The NYPD commits to some reforms—for a few years.

A still from NYPD body-cam footage turned over as evidence in one of the protest class action lawsuits, (SITU / Sow Plaintiffs)

The last of the consolidated class action lawsuits arising from the NYPD's treatment of protesters during the summer of 2020 resolved on Tuesday with a settlement that commits the NYPD, at least for several years, to a series of reforms, many of which the department claims it already embraced. Nowhere in the settlement or its announcement does the NYPD concede that it violated anybody's rights.

The settlement puts in place what is effectively a federal consent decree, an agreement over reforms the NYPD will undertake that is ultimately enforceable by the court. This is not the first federal consent decree the NYPD has been put under—the department continues to be answerable to federal courts over its surveillance of political groups and racist stop-and-frisk regimes. But this settlement is weaker than those cases in significant ways.

Unlike the Handshu settlement, which arose out of the NYPD's widespread surveillance of people based on nothing more than their constitutionally protected political speech, the court doesn't retain permanent authority to make sure the NYPD is keeping its end of the bargain. After an initial period of training, this settlement is only enforceable for four years. After that, the NYPD can go back to policing protests with as much violent speech suppression as it likes without worrying about violating the settlement terms. 

And unlike the stop-and-frisk consent decree which keeps the NYPD answerable to a federal court until it's in substantial compliance with the terms, that's not the case in yesterday's protest settlement. When the four-year clock on the settlement runs out, so does the court's and the plaintiff's leverage, whether or not the NYPD has cleaned up its act.

At the heart of the settlement is a new tiered structure the NYPD will use when deploying police to a protest. The upshot of the system is that police must respond proportionally to protests, rather than greeting small groups with overwhelming ranks of cops with helmets and bats. Each decision to escalate the police response to a higher tier must be authorized by senior officers, including a newly created "First Amendment Activity Executive." These decisions, along with others, like the issuance of dispersal orders, must be documented and accompanied by written justifications.
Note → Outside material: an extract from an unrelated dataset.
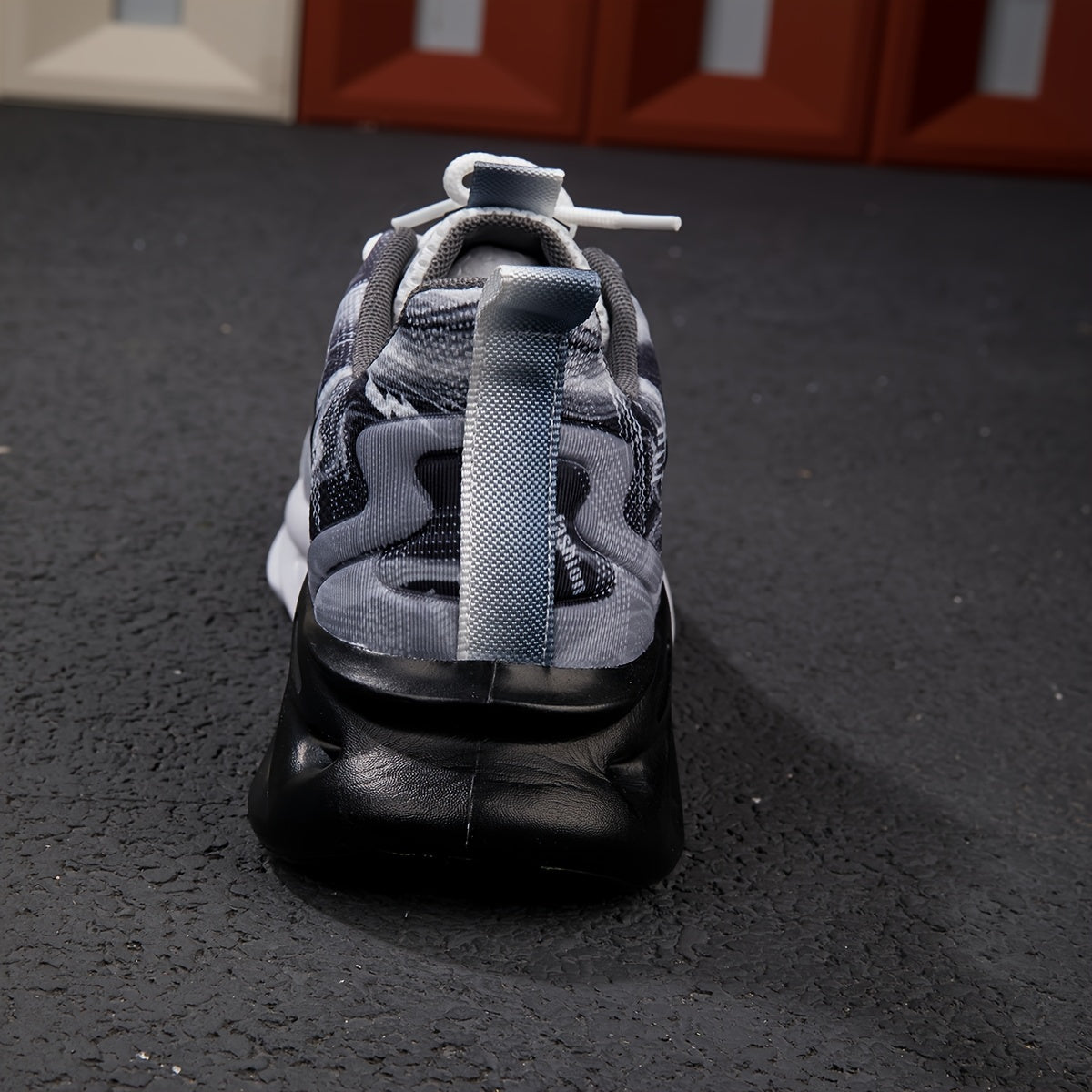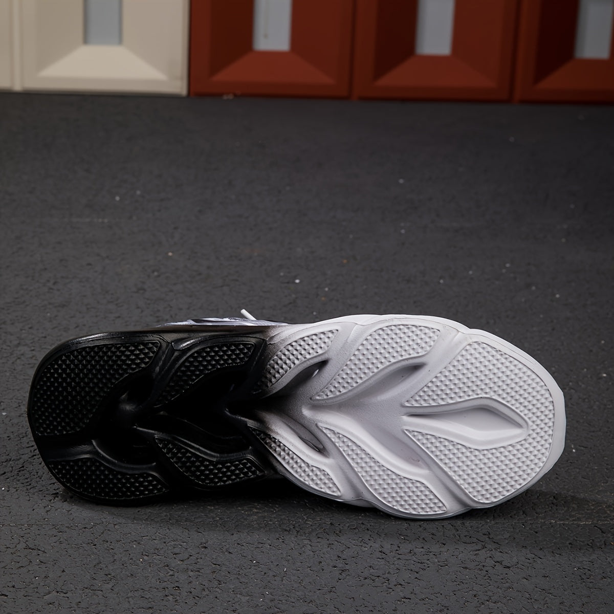 Men's Black and White Gradient Mesh Sneakers with Thick Sole for Height Boost Running Casual Autumn

"As we saw during the 2020 protests, the policy was often to just surround the protests with police officers, in a way that escalated tensions," said Molly Biklen, deputy legal director of the New York Civil Liberties Union, which represented some of the plaintiffs in the protest lawsuits. "This settlement changes that. No longer is the default that the NYPD will automatically send out lots of police officers. Instead, the default is, very few police officers will go to protests, and the increase in officers will reflect graduated facts on the ground."

The settlement also attempts to curb the rampant and unaccountable arrest of protesters on minor offenses. It creates a category of "red light" offenses, including common protest charges like disorderly conduct, non-violent obstruction of governmental administration, unlawful assembly, criminal mischief, and walking in the roadway, for which officers need the sign-off of a captain or an office of a more senior rank to make an arrest.

Under the settlement, the NYPD can't use helicopters "with the intent of intimidation." It agrees not to surround groups of people and prevent them from moving, as it did at the notorious Mott Haven kettle, unless it has probable cause to arrest each of them.

Much of the initial furor over the NYPD's treatment of the 2020 protests centered around its violence—specifically, its use of pepper spray, baton blows, and bicycles as weapons against protesters. The settlement's provisions around these police weapons are not particularly sweeping. The section on pepper spray recommits the NYPD to its current policy. As for batons, "Police officers shall avoid intentional strikes to the head," under the settlement, unless the police judge it's necessary to prevent a death or serious bodily injury. Police bicycles "shall continue to be used in accordance with the operative training for crowd management and crowd control," training which presumably governed the police in 2020, when they used bicycles as battering rams to push crowds of protesters.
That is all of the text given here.